O direito, é claro, está em nosso cotidiano. Quando compramos pães estamos aperfeiçoando um contrato típico de compra e venda, sujeito à relação de consumo prevista no Código de Defesa do Consumidor. Quando nos manifestamos livremente e damos nossa opinião em um acalorada discussão, estamos exercendo um direito fundamental. Quando buscamos atendimento médico em um pronto-socorro, é o direito à saúde que nos dá proteção. E assim em diante.
O que me encanta, no entanto, são aquelas lições menos óbvias, aquelas que apenas tangenciam o direito ou que o observam de soslaio.
Um exemplo é o artigo publicado neste blog, que aborda as possíveis repercussões jurídicas nas histórias em quadrinhos da Turma da Mônica. Contudo, como hoje é Natal – um dos dias mais importantes do ano cristão – , talvez seja o caso de falarmos das lições que podemos extrair da vida do maior protagonista da história. Claro, algumas lições jurídicas, porque as outras certamente não caberiam neste espaço.
Vejamos. Ao longo da Bíblia nos deparamos com valores que persistem no mundo moderno e que foram introduzidas nas relações sociais a partir das pregações de Cristo. Podemos chamá-los, genericamente, de valores Cristãos.
Até então, a noção de justiça atrelava-se intimamente ao “olho por olho, dente por dente”. A partir da consolidação dos valores Cristãos emergiram, ainda que de modo muito incipiente, percepções de igualdade e fraternidade.
O julgamento de Cristo, em especial, pode nos ensinar muito e induzir um valioso debate sobre direitos e garantias fundamentais.

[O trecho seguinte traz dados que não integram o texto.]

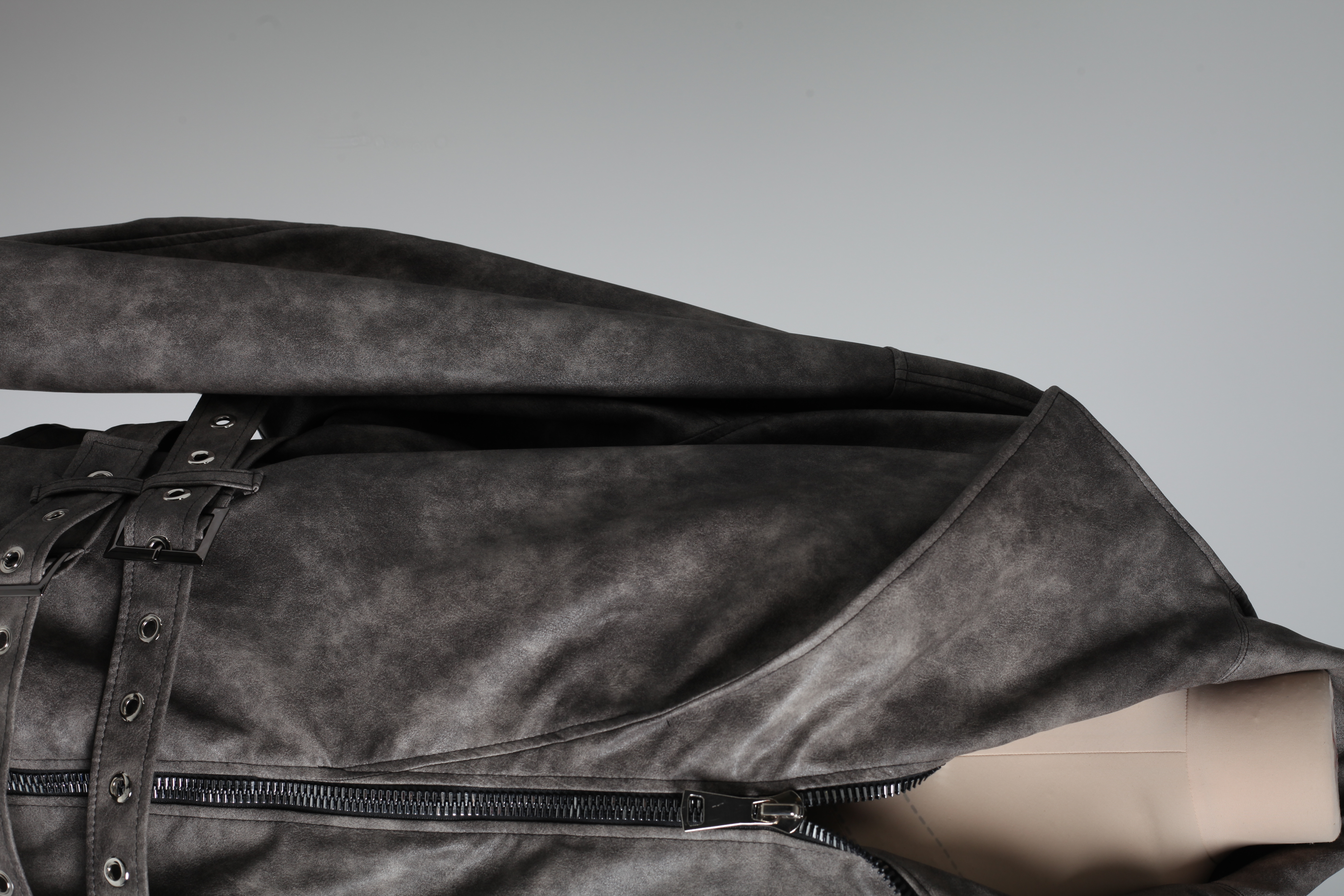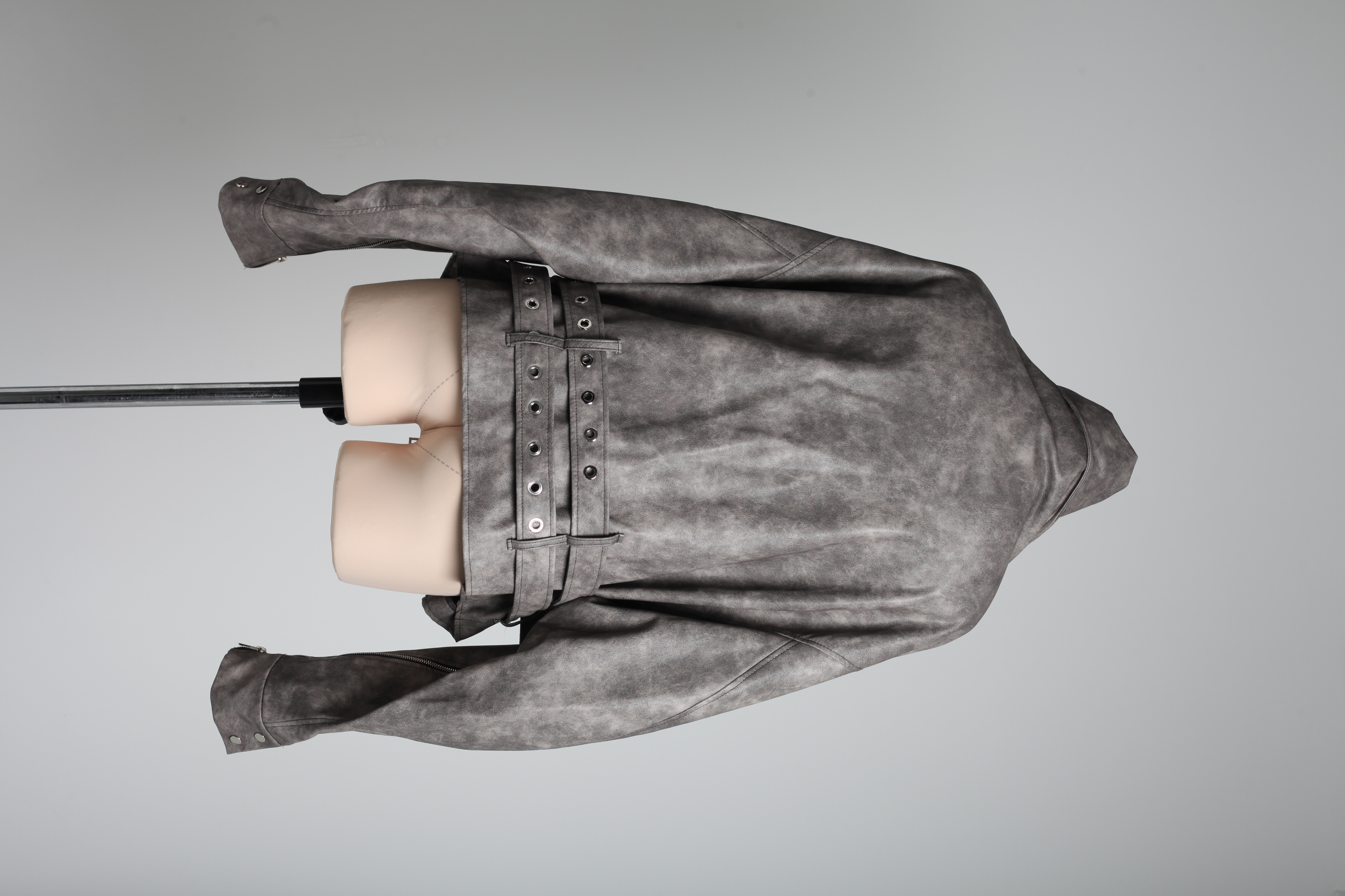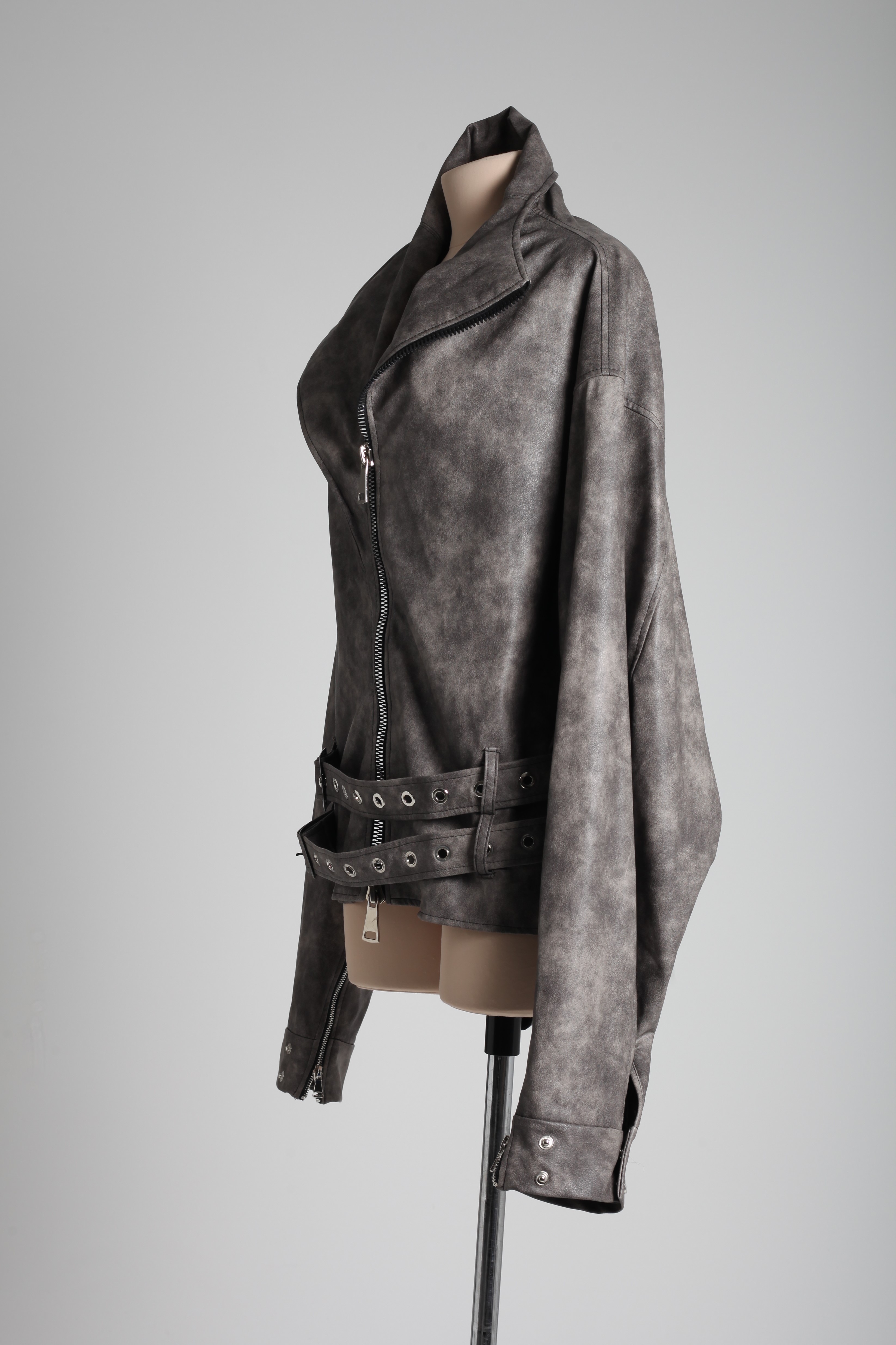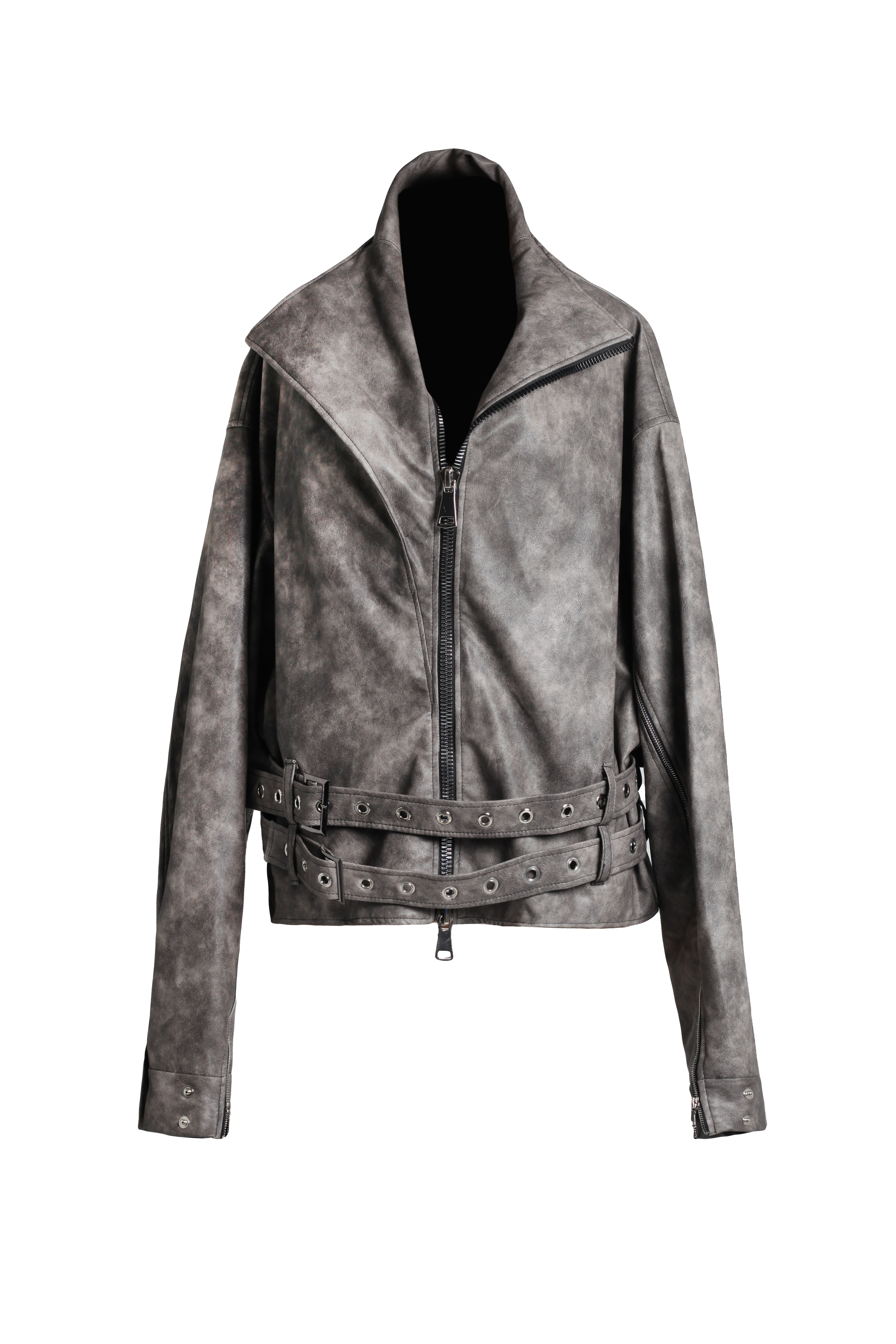 Куртка серо-коричневая из экокожи с двумя ремнями

Explico. Não são poucas as vezes que ouço colegas ou alunos questionando o “deplorável” papel desempenhado por advogados de réus considerados, pela sociedade, como execráveis. Como seria possível – eticamente – defender tais facínoras?, é o que diz a maioria.
O julgamento promovido por Pilatos revela os riscos inaceitáveis de um julgamento sem o devido processo legal. Não importa quem seja o réu, é da integridade do Estado Democrático de Direito que o julgamento seja justo e siga os ditames e garantias previstas na Constituição. A sociedade que crucificou Cristo e foi por Ele refundada no amor, foi soterrada pelos equívocos de um julgamento sem rito. A lição, neste caso, é inexorável: a todos deve ser garantido um julgamento justo.
Outro aspecto que me leva a pensar é a pena aplicada. Diversas vezes somos levados a debater quais seriam os maiores erros judiciais: no Brasil cita-se o caso dos “irmãos Naves”, alguns mencionam o caso Dreyfus, outros os diversos condenados indevidamente à prisão perpétua nos Estados Unidos.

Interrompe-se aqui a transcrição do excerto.